▶ Problem details:
Everything in the records below must be repeated exactly, except the pictures.

Material shown Start Marker

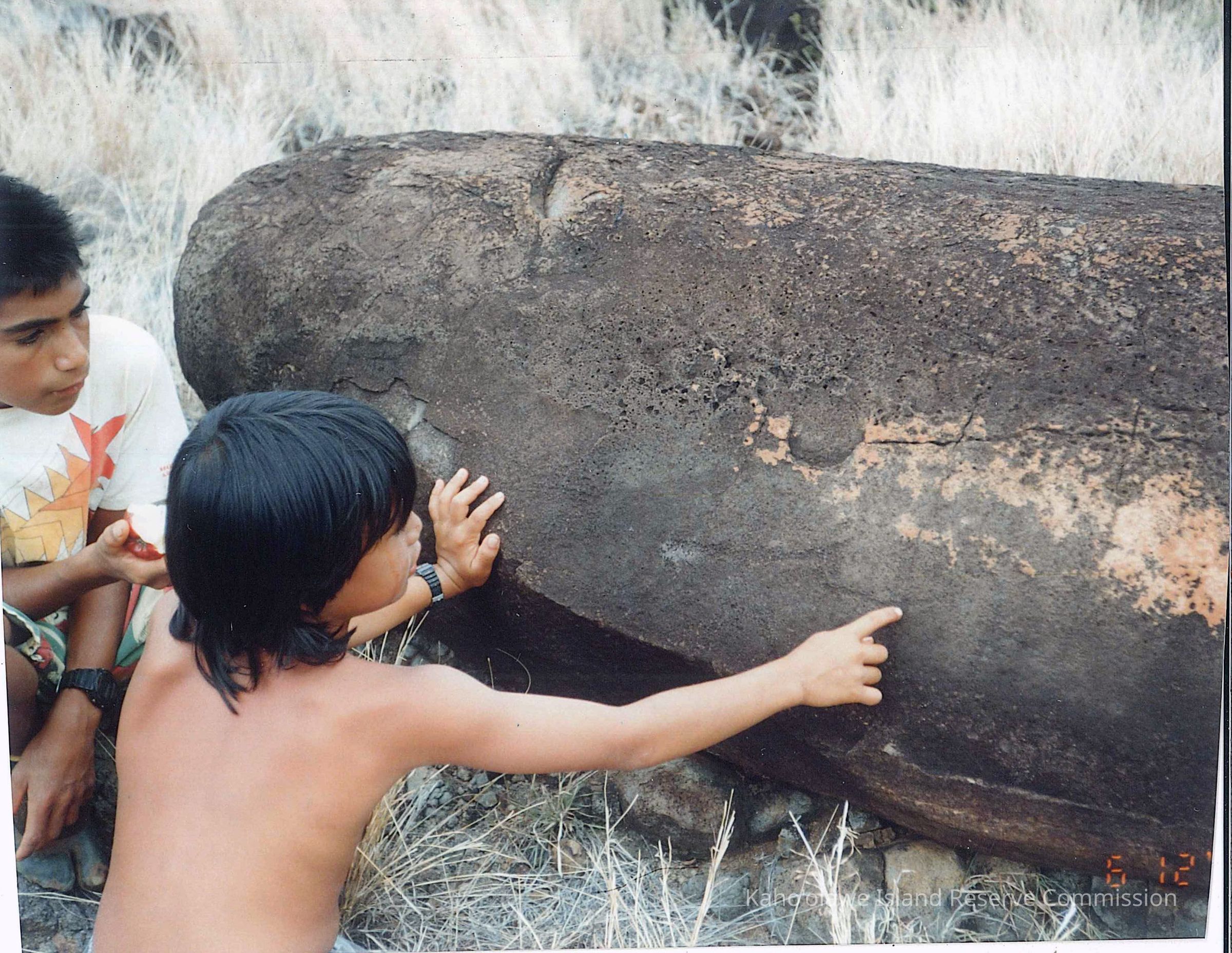 Color photo of two children looking at a petroglyph at an unidentified site, possibly the Ohana Stone.
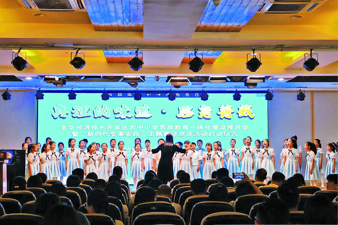本报消息(记者 吴璇)近日,金华开发区大中小学思政教育一体化建设推进会暨“新时代变革实践”主题宣讲巡讲活动启动仪式在金华市宾虹小学举行。
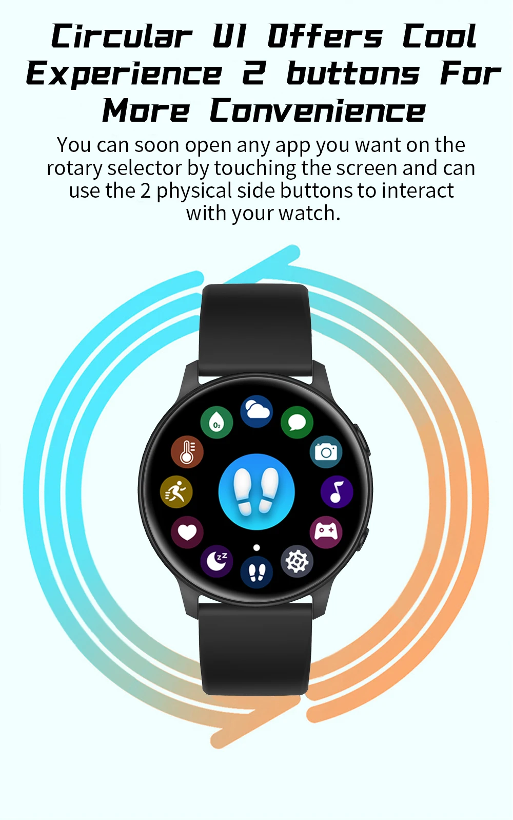 Вы можете быстро открыть любое приложение, которое вы хотите, на поворотном селекторе, прикоснувшись к экрану и используя 2 физические боковые кнопки, чтобы взаимодействовать с Вашими часами.
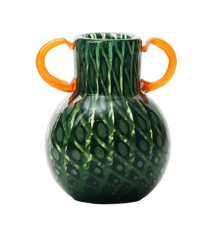 繊細なガラスで仕立てられたフラワーベース。 六角形や菱形の模様が光を受けるたびに豊かな表情を映し出します。 ガラスならではの透明感と奥行きが、空間に洗練された存在感を添えます。 鮮やかな色彩と柔らかな形状が融合したデザインで、オブジェとしても目を引く一品です。 お花を飾れば、その美しさを引き立て、置いておくだけでもアートのように空間を洗練させます。 両脇にあしらわれた装飾は、ガラスならではの透明感を生かし、柔らかくうねる曲線を描いています。 光を受けるとその揺らめきが際立ち、全体の造形に軽やかなリズムを添えています。 シンメトリーに刻まれたパターンの中には、完全な規則性のみにとどまらない、ガラスという素材特有の有機的な揺らぎが共存しています。 その絶妙なバランスは、クラシカルな装飾美と現代的な造形感覚を同時に思わせ、気品と、モダンアートのような独創性を併せ持っています。 日常の中で気軽に楽しむインテリアとしても、また大切なお客様を迎える場にふさわしい装飾品としても活躍するこのフラワーベースは、アートと実用を兼ね備えた、まさに“至高の一品”と呼ぶにふさわしい存在です。
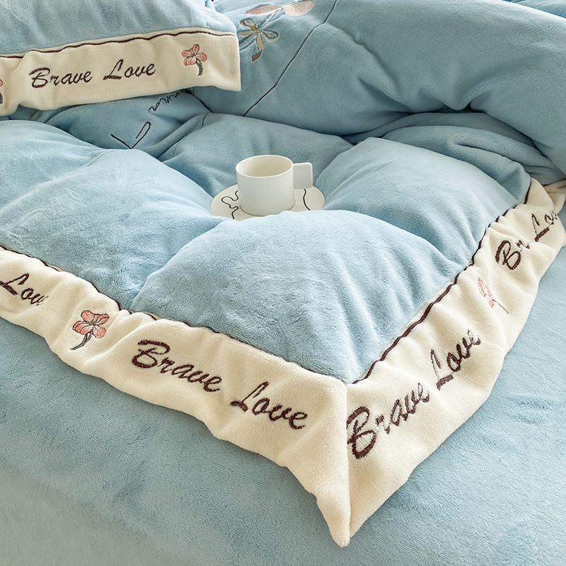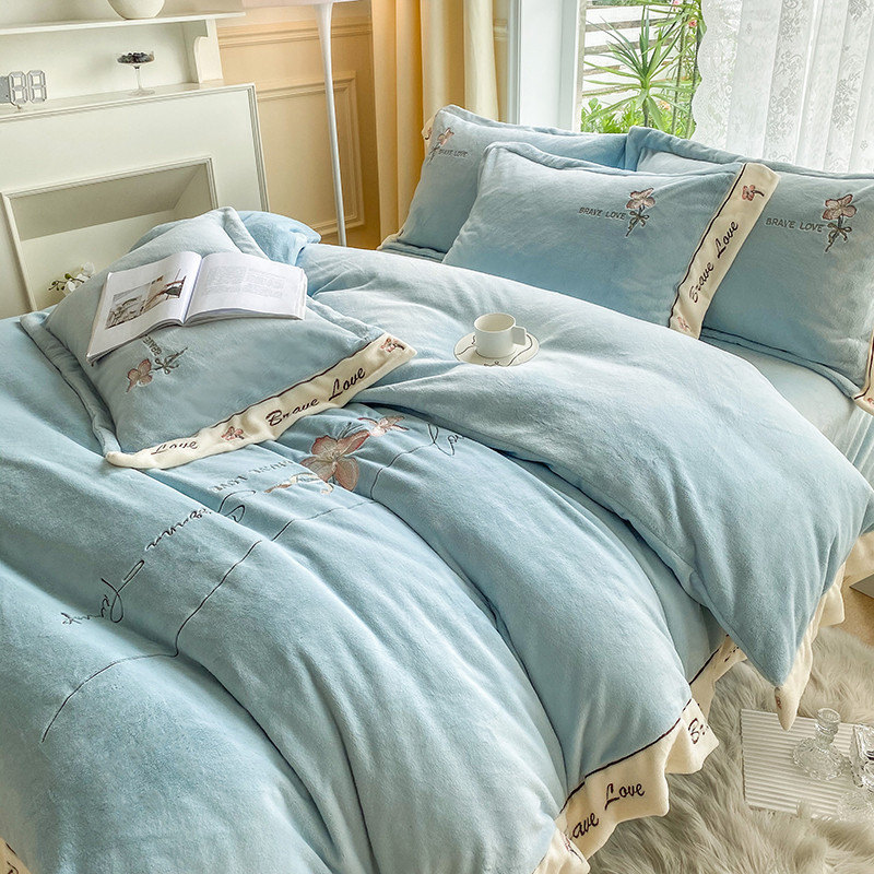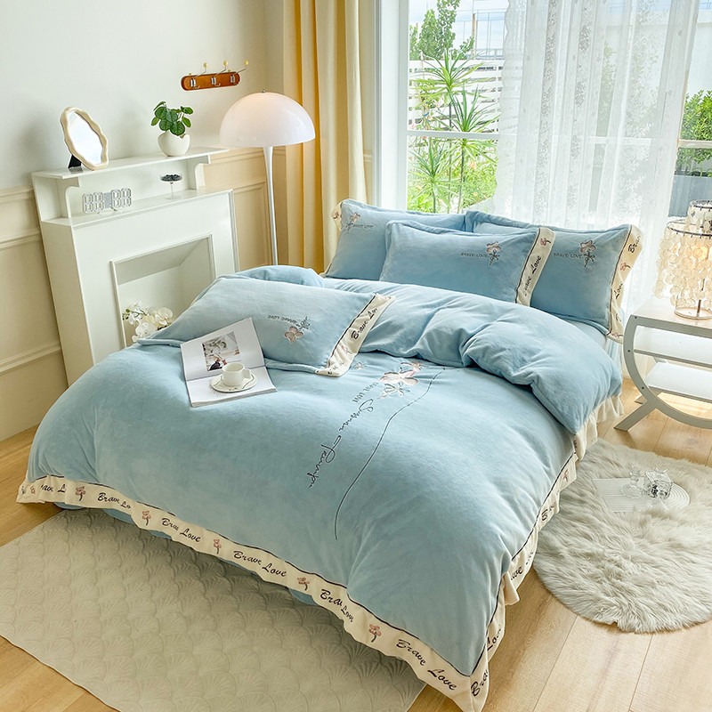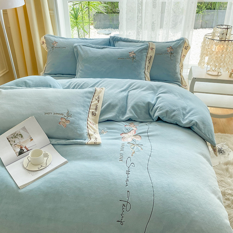 商品名称:可以家居 2023新款全消光云绒雅思绒牛奶绒刺绣四件套-漫妮 漫妮-天蓝
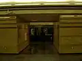 Боковые и центральный залы соединяют семь проёмов для прохода, длина пилонов — от 10 до 23 метров, ширина проёмов — 3 метра. Выход в город находится в центре зала. Наклонный ход имеет четыре эскалатора и расположен в северном торце станции.
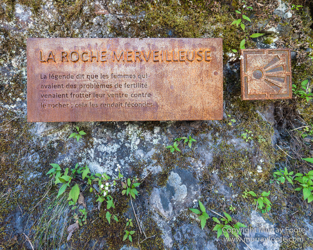 I stopped at La Roche Merveilleusse and climed the stairway to the top.  The sign says “The legend says that women who had fertility problems came rub their belly against the rock; This made them fertilized”.
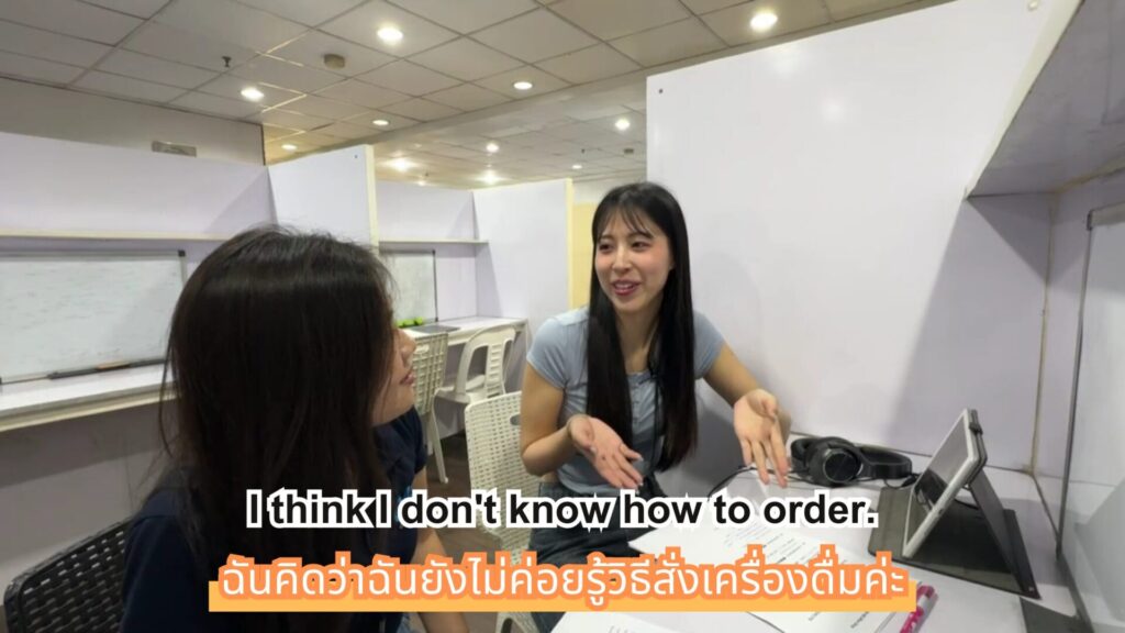 “ตอนสั่งจริง ๆ แล้วตื่นเต้นมาก เลยลืมประโยคที่ซ้อมไว้ในห้องเรียนไปนิดหน่อย…”
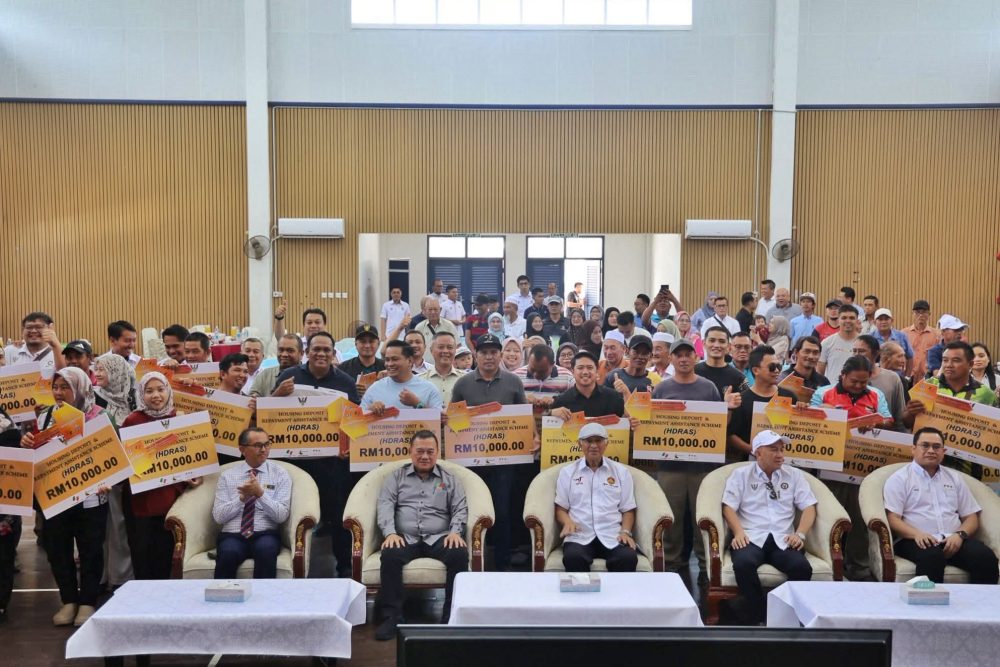 KABONG: Seramai 34 bakal pemilik rumah Rumah Spektra Permata (RSP) Hulu Kabong menerima replika kunci rumah masing-masing dalam Majlis Penyerahan Kunci RSP Skim Pembesaran Kampung (SPK) Hulu Kabong, di Dewan Balai Polis Kabong, pagi tadi.
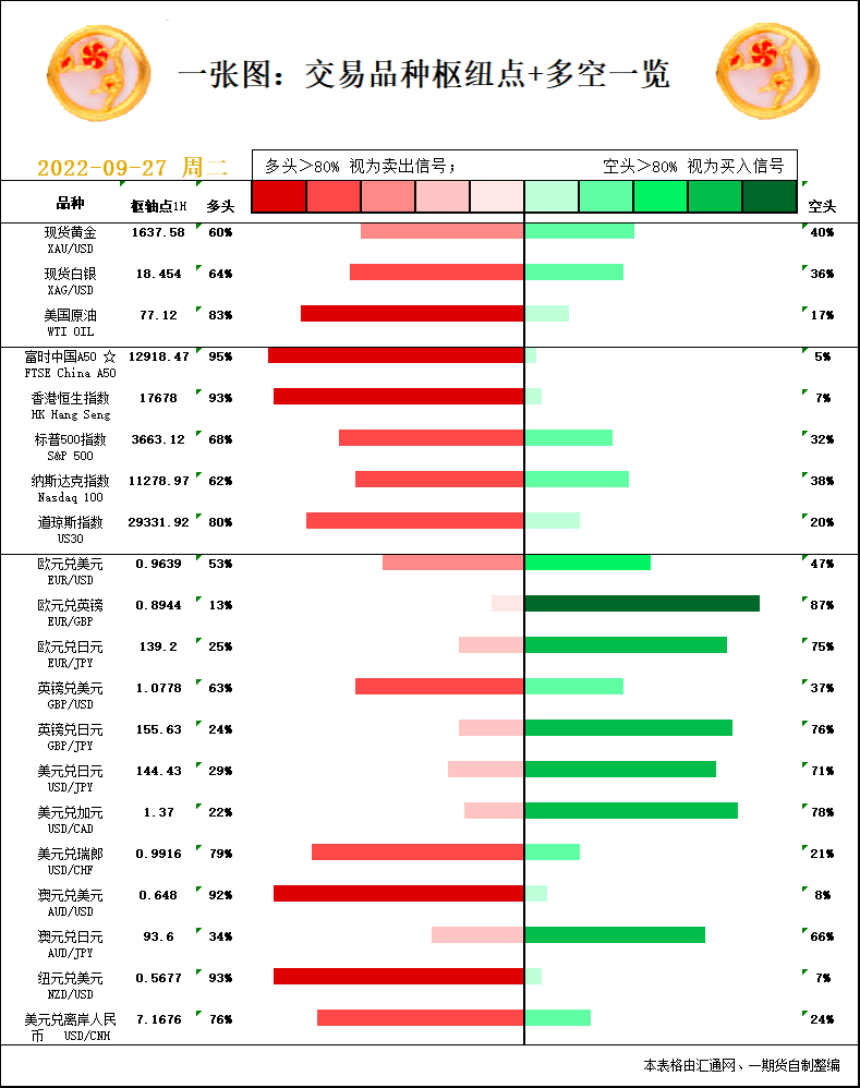 一张图:9月27日黄金白银、原油、股指、外汇“枢纽点+多空信号”;周二(9月27日)一张图看“枢纽点+多空信号”,品种包括:黄金、白银、原油、股指、欧元、英镑、日元、澳元、纽元、加元、富时中国A50、...日期:2022-09-27 12:18
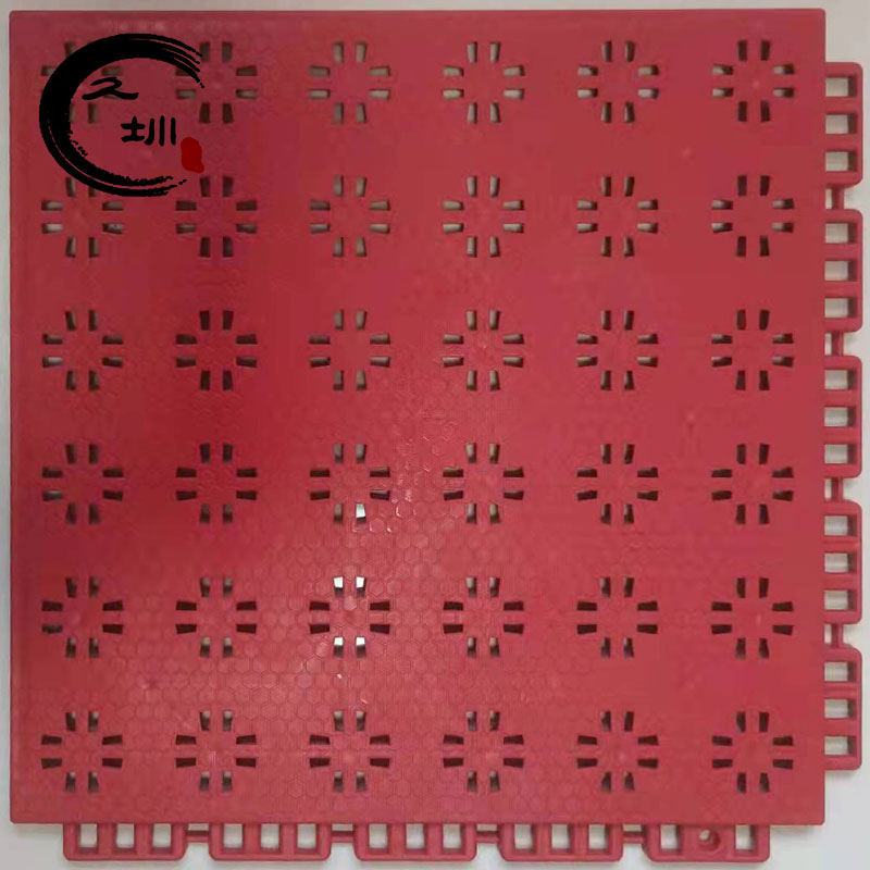 室外籃球場ESE熱塑懸浮地墊運動場TPU軟塑拼裝地板支撐采用米子口子十字支撐,可以使面層更平整,運動時不會使面層變形:“米字形”密集性柱腳有序支撐,形成穩(wěn)固的抗沖擊系統(tǒng),沖擊吸收優(yōu)異,表面采用蜂窩式防滑紋路處理。
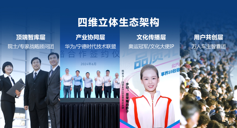 “品牌摯友計(jì)劃”是北汽集團(tuán)“品牌三年躍升行動(dòng)”的重要引擎,構(gòu)建一個(gè)“四維立體生態(tài)”:頂端智庫(kù)層,邀請(qǐng)?jiān)菏?、?zhuān)家、經(jīng)濟(jì)學(xué)家組成戰(zhàn)略顧問(wèn)團(tuán);產(chǎn)業(yè)協(xié)同層,與華為、寧德時(shí)代等合作伙伴共建技術(shù)品牌聯(lián)盟;文化傳播層,攜手奧運(yùn)冠軍、文化名人打造"美好出行大使"IP;用戶(hù)共創(chuàng)層,建立萬(wàn)人級(jí)車(chē)主智囊團(tuán)。除了外部資源,品牌摯友計(jì)劃還將逐步拓展至20位內(nèi)部管理者及300名KOE員工。
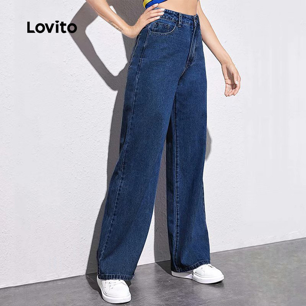 Lovito Calça Jeans Casual Clássica E Versátil Com Zíper Lavagem Especial Para Todas As Estações Para Mulheres LNE121021
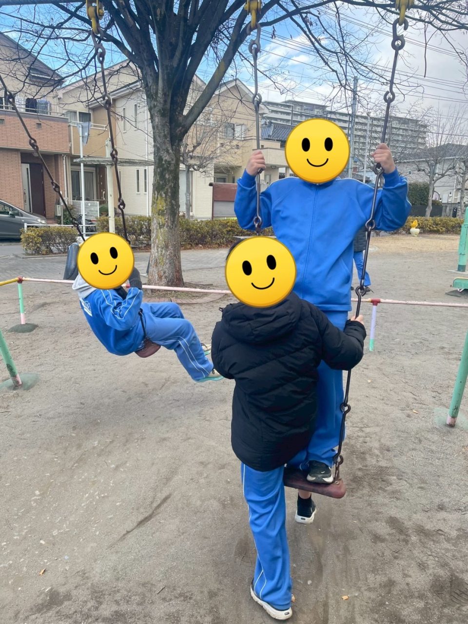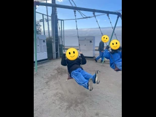 ブランコに乗るとやりたくなるどちらが高く漕げるか対決です。

Material shown End Marker

▶ Response:
 Color photo of two children looking at a petroglyph at an unidentified site, possibly the Ohana Stone.
本报消息(记者 吴璇)近日,金华开发区大中小学思政教育一体化建设推进会暨“新时代变革实践”主题宣讲巡讲活动启动仪式在金华市宾虹小学举行。
 Вы можете быстро открыть любое приложение, которое вы хотите, на поворотном селекторе, прикоснувшись к экрану и используя 2 физические боковые кнопки, чтобы взаимодействовать с Вашими часами.
 繊細なガラスで仕立てられたフラワーベース。 六角形や菱形の模様が光を受けるたびに豊かな表情を映し出します。 ガラスならではの透明感と奥行きが、空間に洗練された存在感を添えます。 鮮やかな色彩と柔らかな形状が融合したデザインで、オブジェとしても目を引く一品です。 お花を飾れば、その美しさを引き立て、置いておくだけでもアートのように空間を洗練させます。 両脇にあしらわれた装飾は、ガラスならではの透明感を生かし、柔らかくうねる曲線を描いています。 光を受けるとその揺らめきが際立ち、全体の造形に軽やかなリズムを添えています。 シンメトリーに刻まれたパターンの中には、完全な規則性のみにとどまらない、ガラスという素材特有の有機的な揺らぎが共存しています。 その絶妙なバランスは、クラシカルな装飾美と現代的な造形感覚を同時に思わせ、気品と、モダンアートのような独創性を併せ持っています。 日常の中で気軽に楽しむインテリアとしても、また大切なお客様を迎える場にふさわしい装飾品としても活躍するこのフラワーベースは、アートと実用を兼ね備えた、まさに“至高の一品”と呼ぶにふさわしい存在です。
 商品名称:可以家居 2023新款全消光云绒雅思绒牛奶绒刺绣四件套-漫妮 漫妮-天蓝
 Боковые и центральный залы соединяют семь проёмов для прохода, длина пилонов — от 10 до 23 метров, ширина проёмов — 3 метра. Выход в город находится в центре зала. Наклонный ход имеет четыре эскалатора и расположен в северном торце станции.
 I stopped at La Roche Merveilleusse and climed the stairway to the top.  The sign says “The legend says that women who had fertility problems came rub their belly against the rock; This made them fertilized”.
 “ตอนสั่งจริง ๆ แล้วตื่นเต้นมาก เลยลืมประโยคที่ซ้อมไว้ในห้องเรียนไปนิดหน่อย…”
 KABONG: Seramai 34 bakal pemilik rumah Rumah Spektra Permata (RSP) Hulu Kabong menerima replika kunci rumah masing-masing dalam Majlis Penyerahan Kunci RSP Skim Pembesaran Kampung (SPK) Hulu Kabong, di Dewan Balai Polis Kabong, pagi tadi.
 一张图:9月27日黄金白银、原油、股指、外汇“枢纽点+多空信号”;周二(9月27日)一张图看“枢纽点+多空信号”,品种包括:黄金、白银、原油、股指、欧元、英镑、日元、澳元、纽元、加元、富时中国A50、...日期:2022-09-27 12:18
 室外籃球場ESE熱塑懸浮地墊運動場TPU軟塑拼裝地板支撐采用米子口子十字支撐,可以使面層更平整,運動時不會使面層變形:“米字形”密集性柱腳有序支撐,形成穩(wěn)固的抗沖擊系統(tǒng),沖擊吸收優(yōu)異,表面采用蜂窩式防滑紋路處理。
 “品牌摯友計(jì)劃”是北汽集團(tuán)“品牌三年躍升行動(dòng)”的重要引擎,構(gòu)建一個(gè)“四維立體生態(tài)”:頂端智庫(kù)層,邀請(qǐng)?jiān)菏?、?zhuān)家、經(jīng)濟(jì)學(xué)家組成戰(zhàn)略顧問(wèn)團(tuán);產(chǎn)業(yè)協(xié)同層,與華為、寧德時(shí)代等合作伙伴共建技術(shù)品牌聯(lián)盟;文化傳播層,攜手奧運(yùn)冠軍、文化名人打造"美好出行大使"IP;用戶(hù)共創(chuàng)層,建立萬(wàn)人級(jí)車(chē)主智囊團(tuán)。除了外部資源,品牌摯友計(jì)劃還將逐步拓展至20位內(nèi)部管理者及300名KOE員工。
 Lovito Calça Jeans Casual Clássica E Versátil Com Zíper Lavagem Especial Para Todas As Estações Para Mulheres LNE121021
 ブランコに乗るとやりたくなるどちらが高く漕げるか対決です。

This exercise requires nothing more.